In Germany renewables reach 78% of total power supply

The UNEP publication Climate Action reports that Germany set a new clean energy national record on July 25 (a Saturday) by meeting 78 percent of the day’s electricity demand with renewable sources, according to energy analysts.

          German energy expert Craig Morris found that a stormy day across northern Europe combined with sunny conditions in southern Germany resulted in record generation. Renewables produced a total of 47.9 GW of power with wind and solar energy producing 40.65 GW, biomass making up 4.85 GW and hydropower contributing 2.4 GW. The record occurred at a time when peak energy demand was 61.1 GW on Saturday afternoon.

          Initial figures from Germany energy policy firm Agora Energiewende indicate that renewables made up 79 per cent of domestic power consumption on July 25.

          These are of course relatively short term performance figures. Looking at the longer term, renewables covered 27.8 per cent of Germany’s power consumption last year, up from 6.2 per cent in 2000.

          Germany’s greenhouse gas (GHG) emissions fell for the first time in three years in 2014, a 4.3 per cent year-over-year drop. According Agora Energiewende, GHG emissions in Germany are currently at their lowest level since 1990.
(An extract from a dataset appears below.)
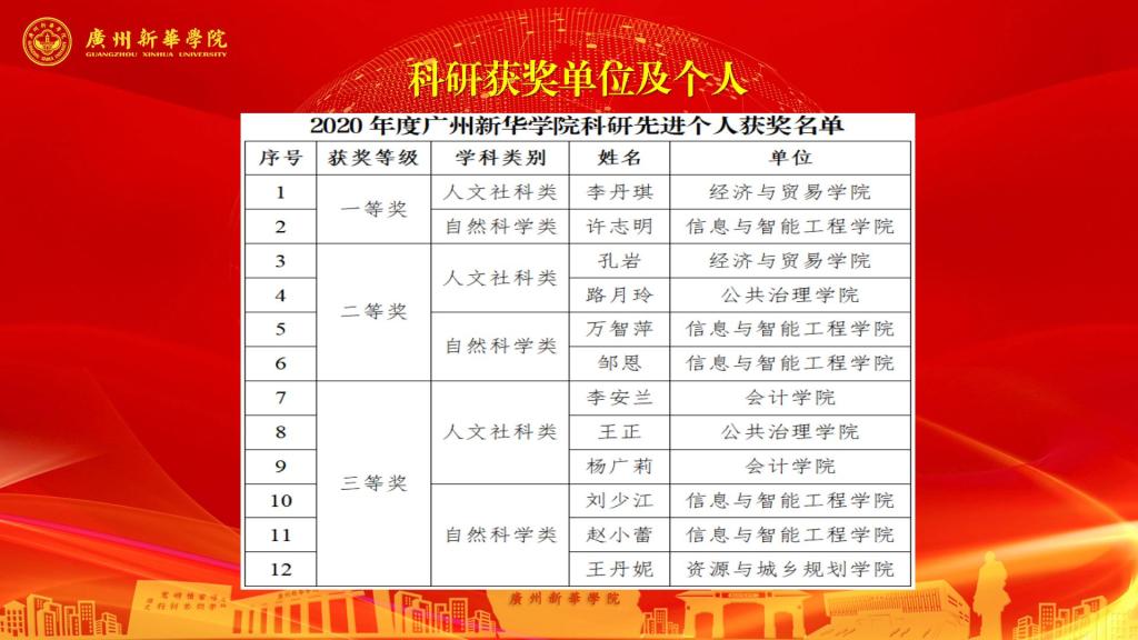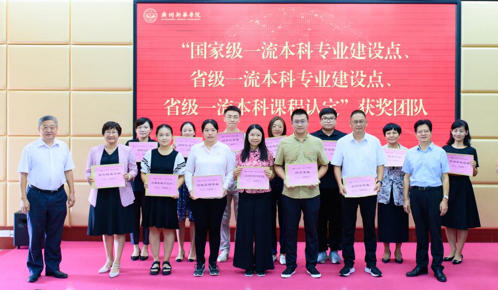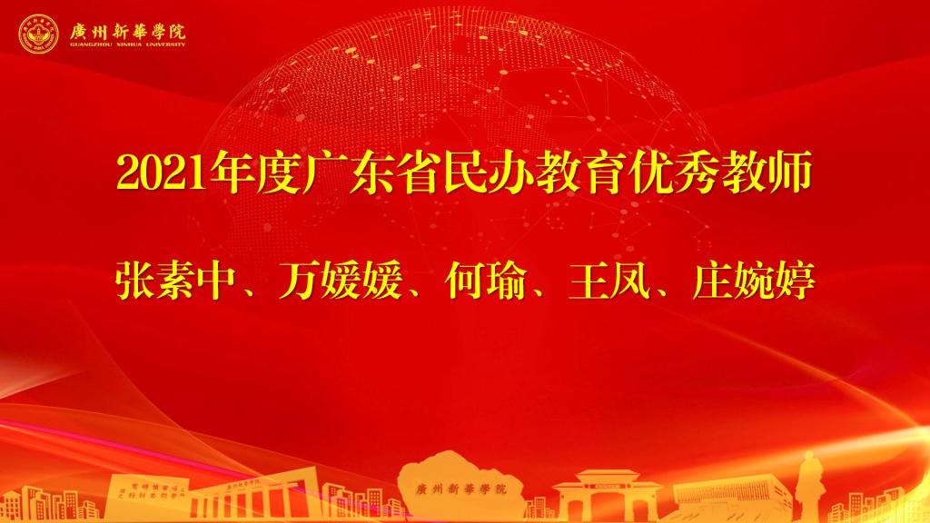 王庭槐校长、郝登峰书记为“2021年度广东省民办教育优秀教师”获奖者颁奖并合影留念

          Germany’s Energiewende renewable energy policy requires the phasing out of nuclear energy by 2022 and cutting greenhouse gases at least 80 per cent by 2050. The government is also aiming to at least double the share of renewables in the country’s energy mix by 2035.

 

Too much of a good thing?

          Unfortunately, it seems that Germany’s ballooning supply from renewables has also produced some inconvenience. The magazine Renewable Energy World reported in a story July 8 that the country is producing so much electricity from wind and solar that it’s overflowing into the grids of some of its neighbors and increasing the threat of grid failures there.

          The magazine reports that Poland and the Czech Republic are spending US$180 million on equipment to protect their systems from German power surges, while Austria is curbing some cross-border trading. It turns out that German investment in renewable energy over the past decade has outpaced that in the power lines needed to move it across the country, so that the power loops through Poland and the Czech Republic. On a windy day, the magazine says, the overflow to the east can exceed the output from four atomic reactors.

          Plans are to upgrade the grid to accommodate the growing supply from renewables.